I have no voice. It is gone. This is annoying. I am Plague Girl. I am never going to be allowed to go anywhere every again.
(don't actually feel so wretched, the timing just sucks all around. Alas.)
'Touched'
Off-topic discussion. Wanna talk about corsets, duct tape, or physics? This is the place. Detailed discussion of any current-season TV must be whitefonted.
I have no voice. It is gone. This is annoying. I am Plague Girl. I am never going to be allowed to go anywhere every again.
(don't actually feel so wretched, the timing just sucks all around. Alas.)
I'm sorry to read that sarameg. All the people looking forward to hearing your words have to read them anyway. I recommend a hot toddy.
eta recipe love:
1 tbsp honey
3/4 glass tea
2 shots brandy
1 slice lemon
I've been kindly served hot toddies.
I'm currently drowing in hot water, lemon and honey. The booze waits for evening.
Haven't been quarantined yet, though that may still yet come....
I am at the theatre "working", but right now I am just puttering. I have a lot of distressing to do and it is sort of weirdly physical work (because you sand and rasp the fabric/leather before putting any color on it). My fingers still feel sanded after Wednesday's go round.
I am having tea. b/c I think I am quitting coffee and booze for the holidays , in preparation for quitting smoking. I did it before for about two years by just pretending I was the person I was BEFORE I started smoking. And that person didn't drink or have coffee.

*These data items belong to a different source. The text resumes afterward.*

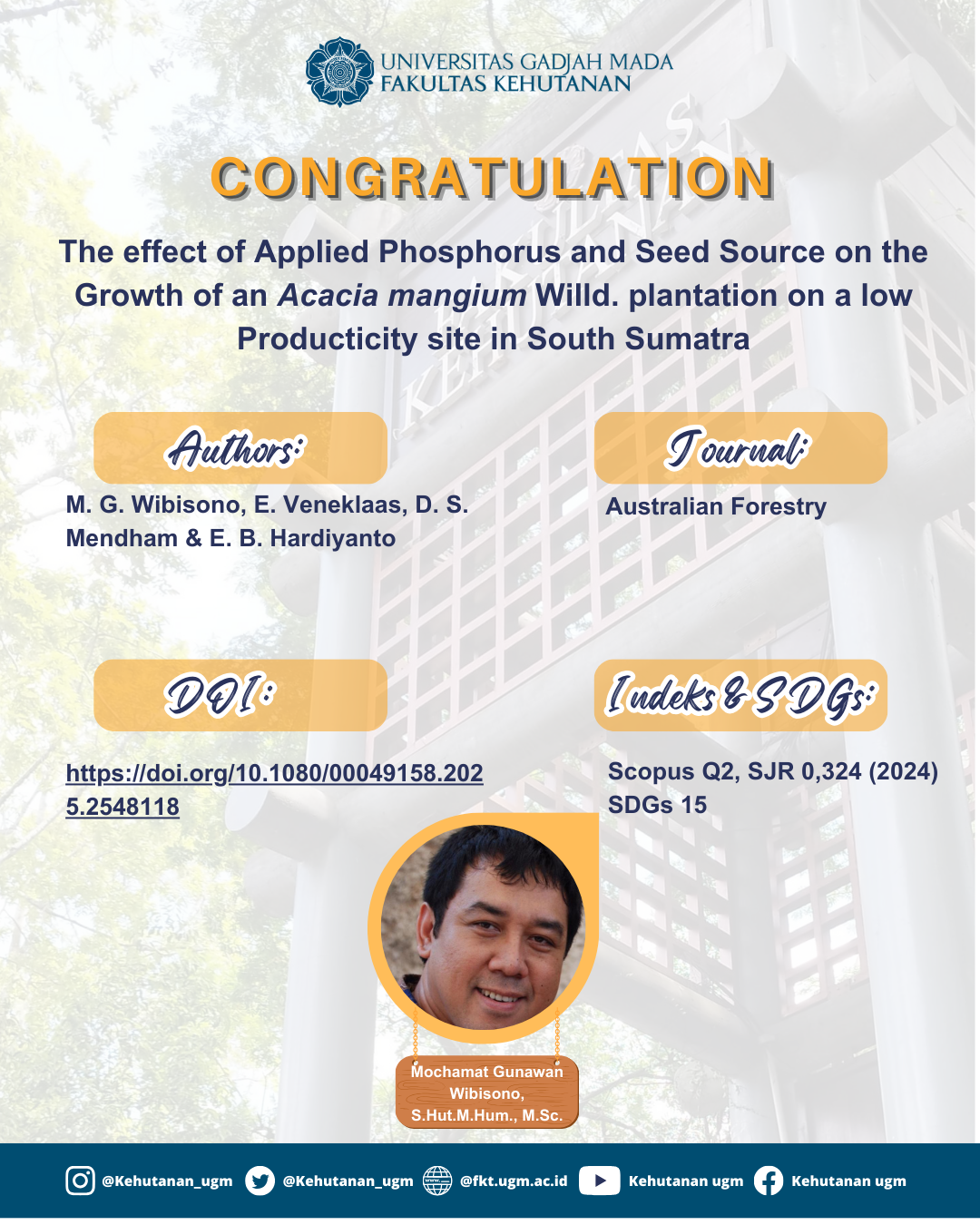The effect of Applied Phosphorus and Seed Source on the Growth of an Acacia mangium Willd. plantation on a low Producticity site in South Sumatra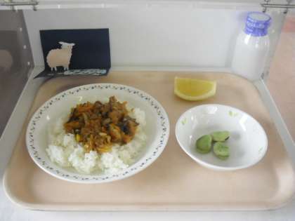 夏野菜の豚キムチ丼 牛乳 ゆで空豆 河内晩柑
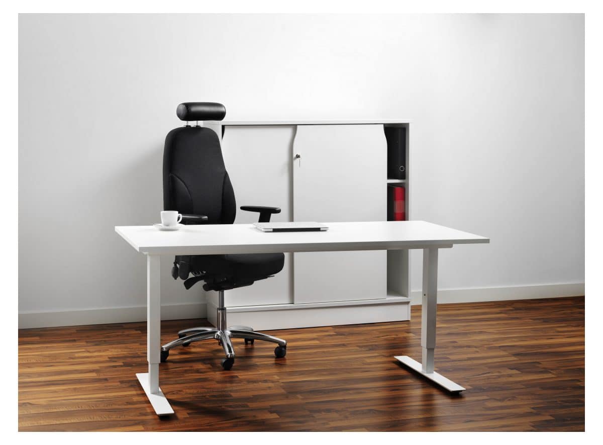 Stabilt elskrivbord med en motor, justerbar ram.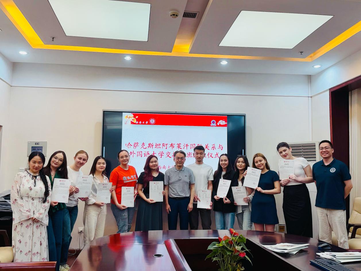 7月1日下午4点,哈萨克斯坦阿布莱汗国际关系与外国语大学(简称“阿布莱汗大学”)交换生班结业典礼在188改名为taptap点点紫云楼签约室举行。公司党委书记刘猛,教师代表林千彭、陈雨馨,阿布莱汗国际关系与外国语大学交换生班全体员工参加结业典礼。典礼由班主任刘妍芩主持。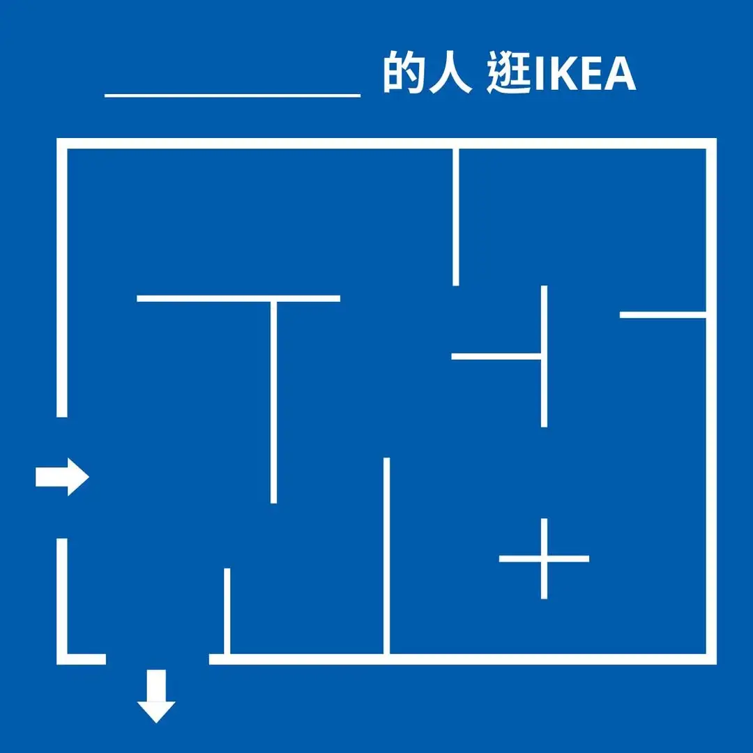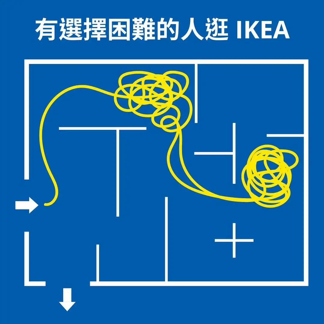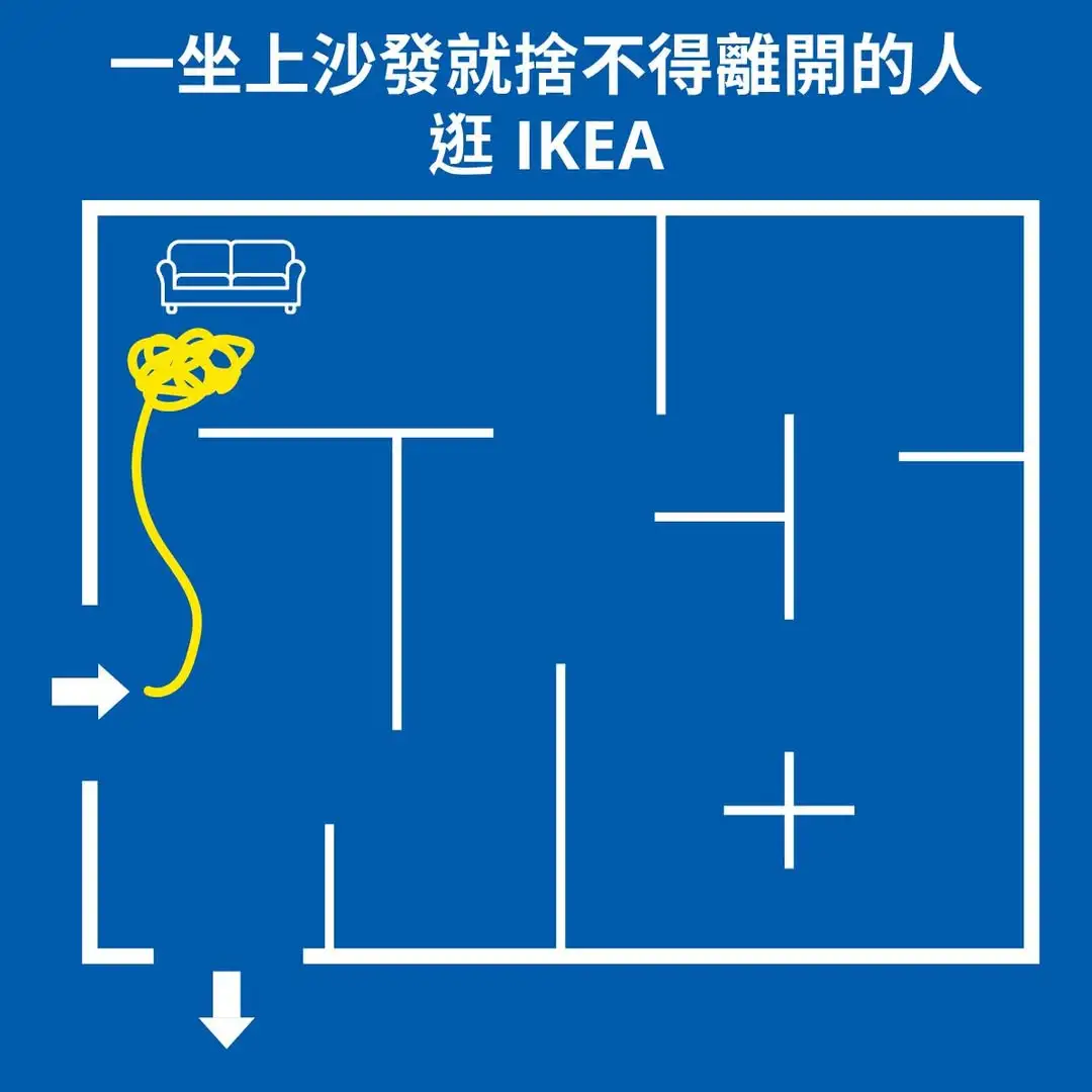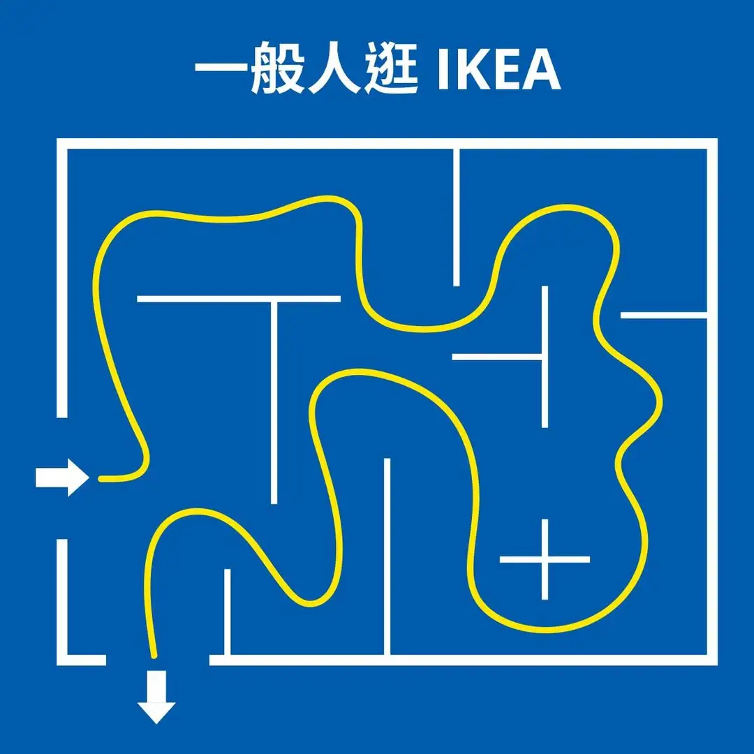 23年底,中国台湾宜家发布了一组逛宜家路线图,它描绘了抱着不同目的来宜家的人的行为路线:有在沙发区沦陷就不再前行的人,有在每个货架前反复徘徊的选择困难患者,也有目标极其明确、只为冰淇淋而来,完成交易就转身离开的人。

I have a lot of distressing to do and it is sort of weirdly physical work
First Thought: I wonder if some people around here's Mother's just come out and admit it like that or if their crazy-making is completely unconscious.
That's an interesting approach Sophia. Good luck. Different things work for different people.
And wear gloves to protect your pretty hands!
I am having tea. b/c I think I am quitting coffee and booze for the holidays , in preparation for quitting smoking.
That's a lot to quit at once Sophia.
This is the Friday of many annoying little distractions and odd requests.
Gilmore Girls question: When Zach freaked out this week, do you think it was because he was torn up with jealousy of his bandmate writing a song about Lane or because he was afraid of success and used the jealousy as an excuse to botch their big opportunity?
I think the former, but I'm reading comments of the latter, and wondering if there's stuff I missed that support it. Not saying it isn't right, just wondering if it would have to be an asspull to be so.
House is empty. I feel I should take advantage of this, but instead I'm huddling by the fire with a laptop and a book.
Pie. Huddling is better with pie.
Former FEMA Director Michael Brown, heavily criticized for his agency's slow response to Hurricane Katrina, is starting a disaster preparedness consulting firm to help clients avoid the sort of errors that cost him his job.
Just when I think the world can get peculiarer.
ita, I think that everything points to the former explaination, but Zach's behavior was so OTT that I wouldn't be surprised if there were more to it than just that.